[kragen]

Your #2 suggests that it would be slower than ordinary Quicksort on normal-sized datasets. But dual-pivot quicksort is faster than ordinary Quicksort on normal-sized datasets. So in at least one sense, dual-pivot is not a step in the direction of samplesort.

Python's built-in sort is timsort, last I heard, which is a variant of mergesort that looks for existing sorted or backwards runs in order to run faster in the common cases of mostly-sorted or mostly-backwards data. It's true that Python's built-in sort was a samplesort variant until 2002, though, which I didn't know.
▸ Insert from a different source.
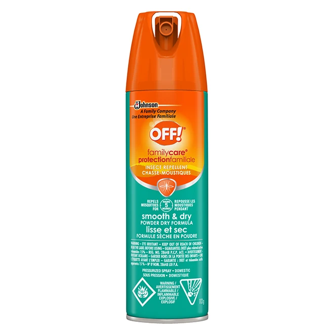 Chasse-moustiques. 113 g. Lotion soyeuse « Smooth & Dry » chasse-moustiques en aérosol. Modèle 52508 Taille : 113 GMéthode d’application : AerosolChasse-moustiqueMéthode d’application : AutreBiologique : NonNom de la série : Skintastique
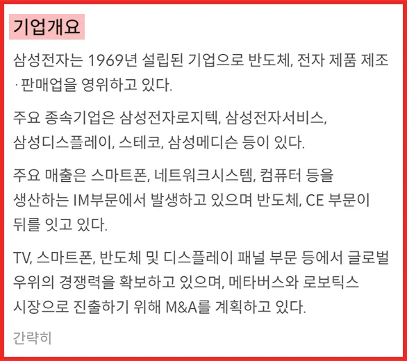 내 종목의 연혁과 주력 제품, 사업 계획등이 정리 된 기업 정보를 확인할 수 있습니다.

(It does seem like Samplesort's virtue of minimizing comparisons would be particularly desirable in an environment like Python, where every comparison potentially involves a call into slow interpreted code.)

[fmap]

I just read the original paper on samplesort, so this might not be the most up to date description, but the basic idea is as follows:

- From an input sequence of length n, choose a random subsequence of length k.

- Sort the subsequence.

- Partition the remaining (n-k) elements of the original sequence into the (k+1) partitions given by the subsequence.

- Sort the (k+1) partitions.

In the paper, the partitioning and sorting is always done using quicksort. Any n*log(n) sorting algorithm should work though, which includes using samplesort recursively.

If you use an optimal value for k (and this might be a significant fraction of n), you can prove that lim_{n->infty} E(C_n)/log(n!) = 1, where E(C_n) is the expected number of comparisons for a sequence of length n.

Now, using samplesort recursively, quicksort is samplesort with k = 1. Double-Pivot quicksort is samplesort with k = 2.